Submitted By: EY8s
August 26, 2011, 02:29:49 PM
Another How-To for installing screening underneath the cowl. This is a great mod for keeping leaves and other things from clogging up your cowl and HVAC system.
Cowl Screening How-To
I first learned about this mod from a guy I bought some parts from who did it to all of his trucks. I've since seen a few people here on RCC with this mod. Basically there's two ways to go about this idea. One is the way I'll go through where you attach screening to the underside of the removable cowl. The other is to remove the cowl and install screening around the cowl openings on the cab or tub itself. My opinion is that screening the underside of the cowl panel itself is better because it prevents anything from getting past the cowl where the other method could allow debris build up between the screening and underside of the cowl panel.

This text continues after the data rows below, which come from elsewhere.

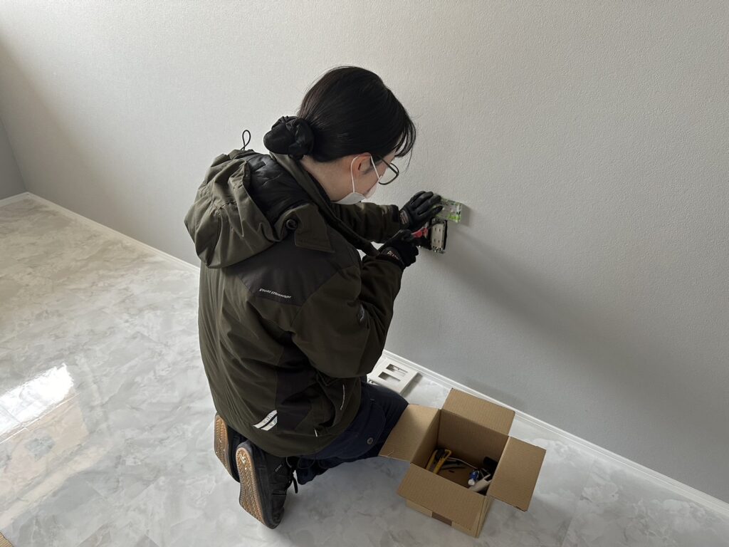 間もなく入社してから1年になります。色々な仕事や現場に関わってきた中で、器具付けなど細かい仕事が多かったですが、細かい作業は好きなので性に合っていたようです。
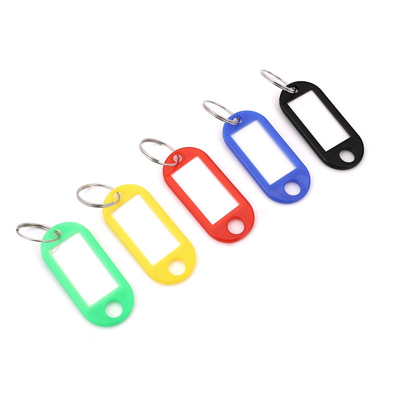 Farebné plastové visačky na kľúče, s papierikom na označenie. Predáva sa v ucelenom balení 100 kusov
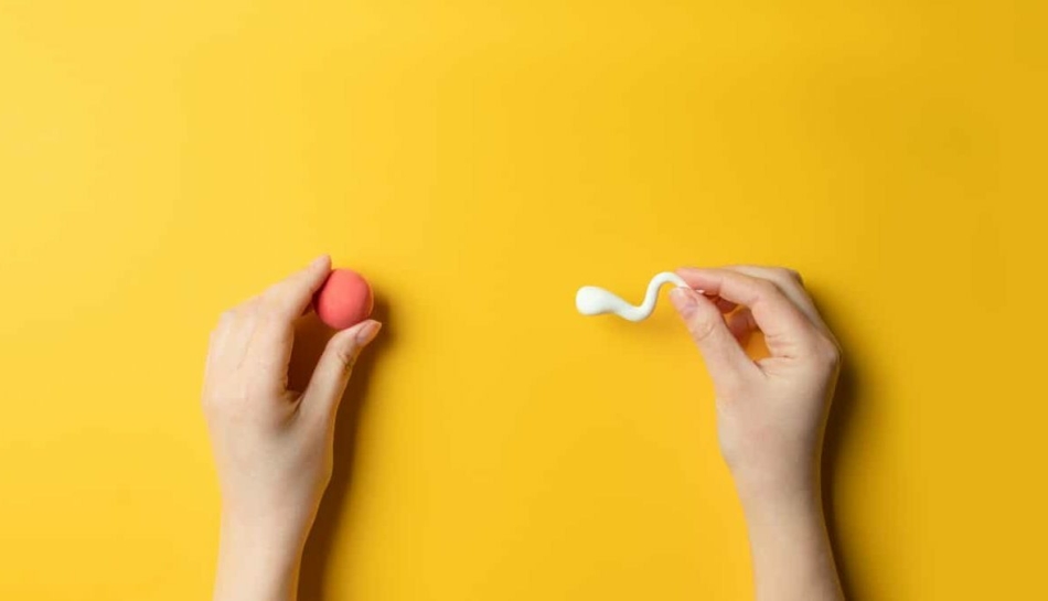 Mani che tengono le riproduzioni di un ovulo e di uno spermatozoo
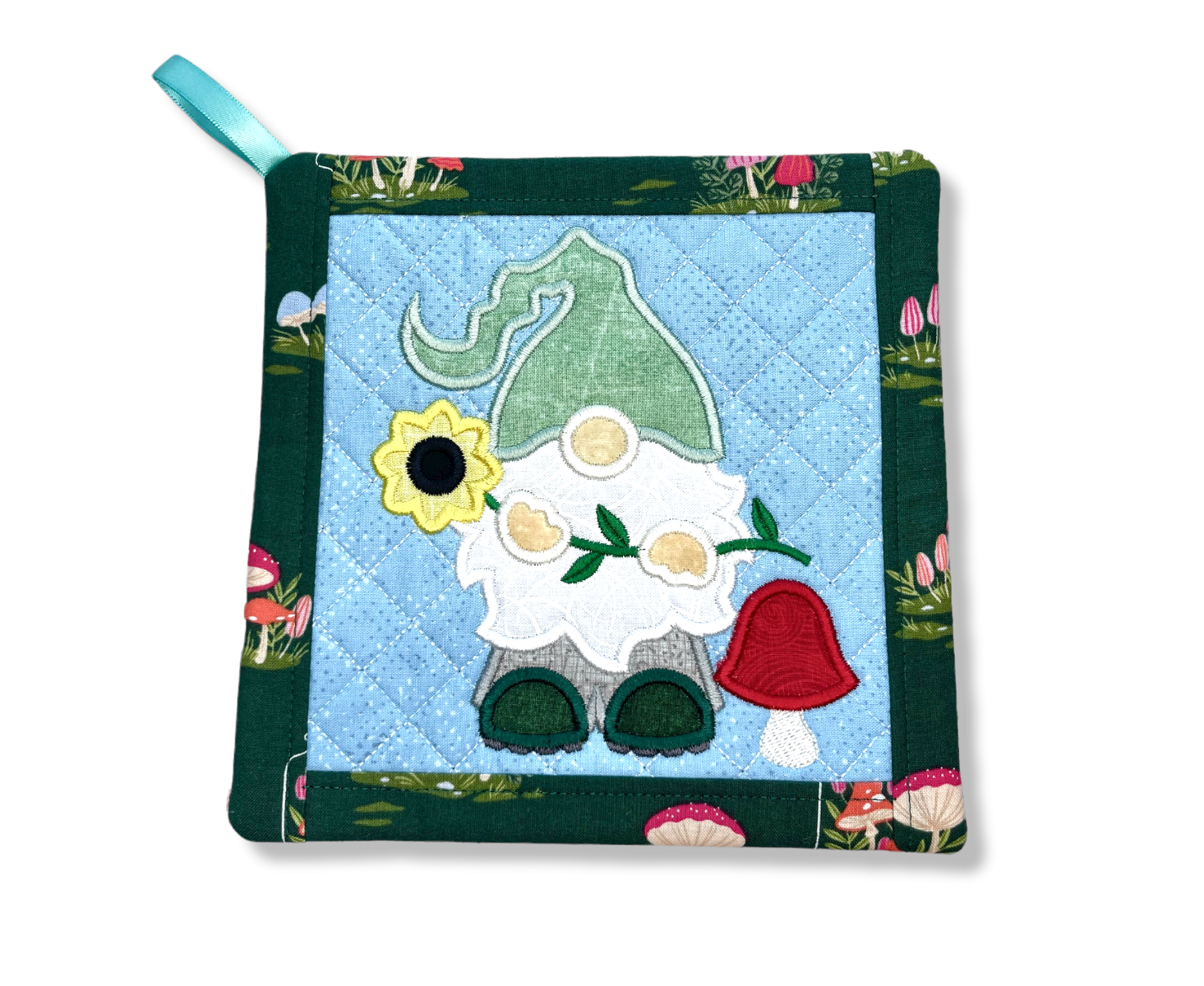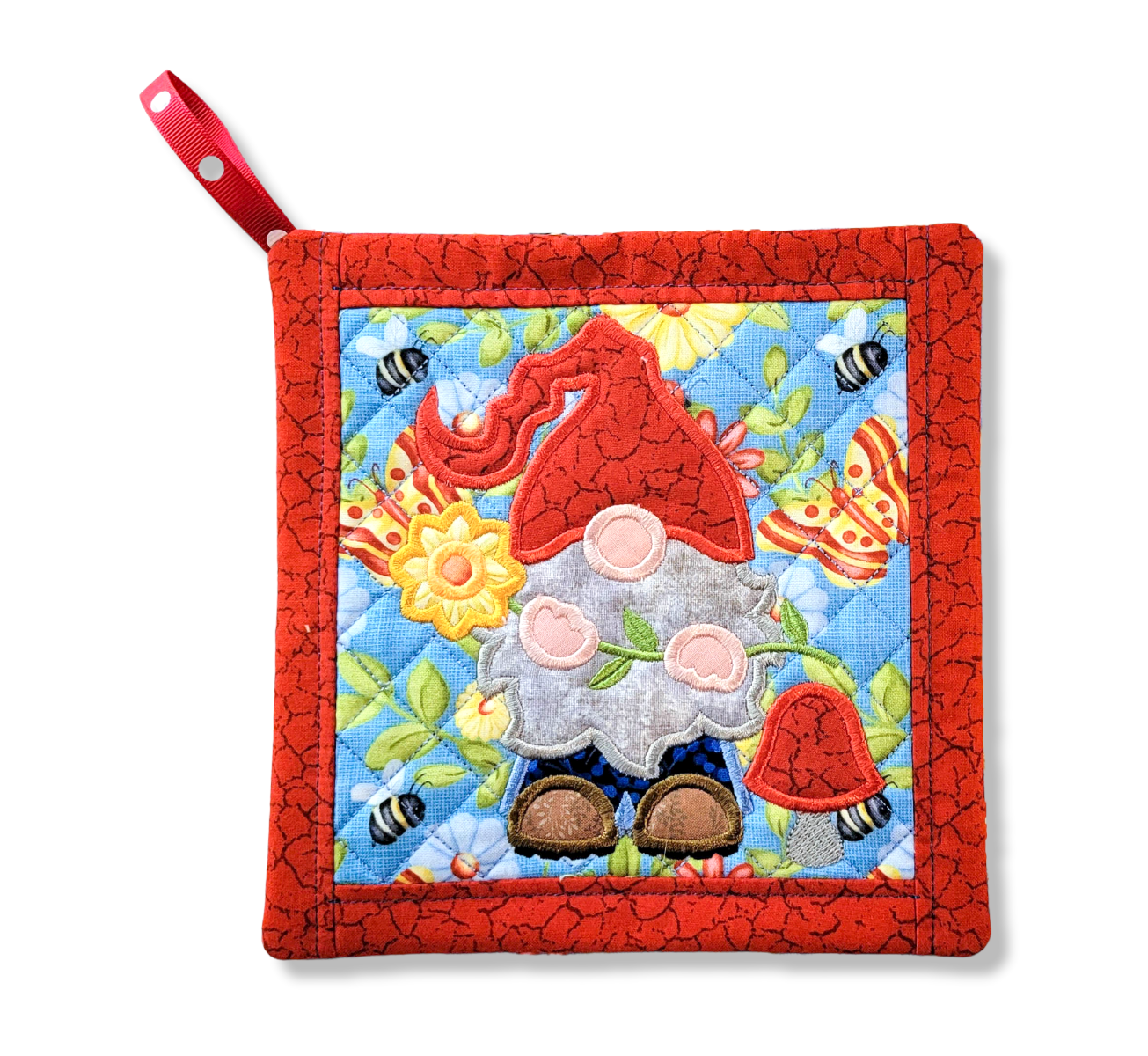 There's gnome better place to set down your dish than on our Gnome Pot Holder! This pot holder features applique design elements. Customize the pot holder with fun colors and fabric patterns, or coordinate with other ITH Gnome projects!

I've seen cowl screening attached with screws and rivets. This is a sound method of attachment but I didn't want any exposed fasteners so I chose to use epoxy.
1 roll of aluminum window screening
5 minute epoxy (I may have used 2 ounces or so)
Heavy duty scissors
Exacto knife or razor blade
Clothes pins and small weights or objects (see photos)
+ tools to remove/replace windshield wipers and cowl panel
Note: It's possible to perform this modification on a finished cowl panel. This would actually be preferred for the cleanest look since the screening will hardly be noticable. I did this pre-paint so I'm thinking after the screen/cowl is painted it'll be a bit more noticeable. Either way I'm sure it'll take a double-take to notice this mod.
1) Remove your wiper arms. There's a special tool that'll make this a snap but I don't have one. I put a rag down, use a rubber handled screwdriver as a fulcrum, insert a tiny screwdriver in between the shaft and wiper "tang", then take two other screwdrivers with the heads under each side wiper to shaft connection and pop it off. If you have nice paint put a towel around the area to prevent the airbourne wiper assembly from chipping paint.
2) Next you need to remove the cowl panel with a phillips screwdriver. Make sure you remove all of the screws. The top of the cowl panel wedges in underneath the windshield rubber so you have to ease it out by pulling the cowl forward. You can line the exposed fender edges with a layer or two of painters tape for scratch/chip protection.
3) Once you have your cowl removed, wash it thoroughly (especially under the cowl slots) and dry it off.
4) With the cowl upside down on a suitable work area, unroll your window screening over the cowl and rough cut a piece that runs at least 2" past the edges of the cowls slots. I made my initial cuts pretty close to where they needed to be but you want to leave some margin for error when you make your "positioning crease".
Note - I recommend using metal screening as opposed to "pet" screening because of the positioning crease that will be made in it
5) Once you are satisfied with the screen piece use your fingers to make a crease in the screen at the inside front edge of the cowl. It's important to hold the screen in place while you do this, otherwise your "positioning crease" will be off and you'll have an ill-fitting screen.
6) After you make your crease position the screen where it needs to be and mark/cut to it's final shape. Keep in mind that the cowl slots or "louvers" protrude down from the top of the cowl panel so you'll want to leave the screen edges about an inch or so from the slots for attachment with the epoxy. You also need to mark the area around the wiper stud hole and cut it out using an exacto knife or razorblade. Don't worry about the washer nozzles until you install the cowl, then you can trim the screen as necessary.
Note - Be sure that there will be no interference issues with the edge of the screen and any mounting hardware, attachment points, etc.
You're now ready to epoxy the screen to the cowl
7) Use the clothespins and other objects to hold the screen in place. Mix up small batches of epoxy and apply to the screen working from the middle section of the screen out to the sides. With small batches I use toothpicks to mix it up and apply it. Use whatever you feel comfortable using.
Tip - Whenever I attached clothespins or used something to hold the screen down I applied epoxy to either side of these things so the screen would stay in place until the expoxy cured. After I moved around and had the screen in place with the expoxy I went back and filled the spaces left.
Note - after thoroughly mixing the epoxy and hardener you'll only have a couple of minutes to put it where you want it. If you've never used epoxy before - EXPERIMENT with it first so you'll know how it works and the time window you have to work with it. It's better to waste some then to work it too long and get messy with it
Make sure the screen is inbedded within the epoxy all around. Trim or sand off any excess epoxy that will interfere with mounting.
Your newly screened cowl panel should be ready for installation
This is a pretty easy project. It took me about 4 hours to do taking my time and waiting for the epoxy to dry between applications while doing other things around the house. The epoxy should hold up well and corrosion should be a non-issue since there's no drilling and the screening is aluminum. I would say the hardest part of this project is being careful not to scratch anything up during the R&R of the panel itself and getting out-of-shape with the epoxy. I'll give it a 2 out of 5 bloody knuckles just because the cowl can be stubborn to get in/out from under the windshield rubber.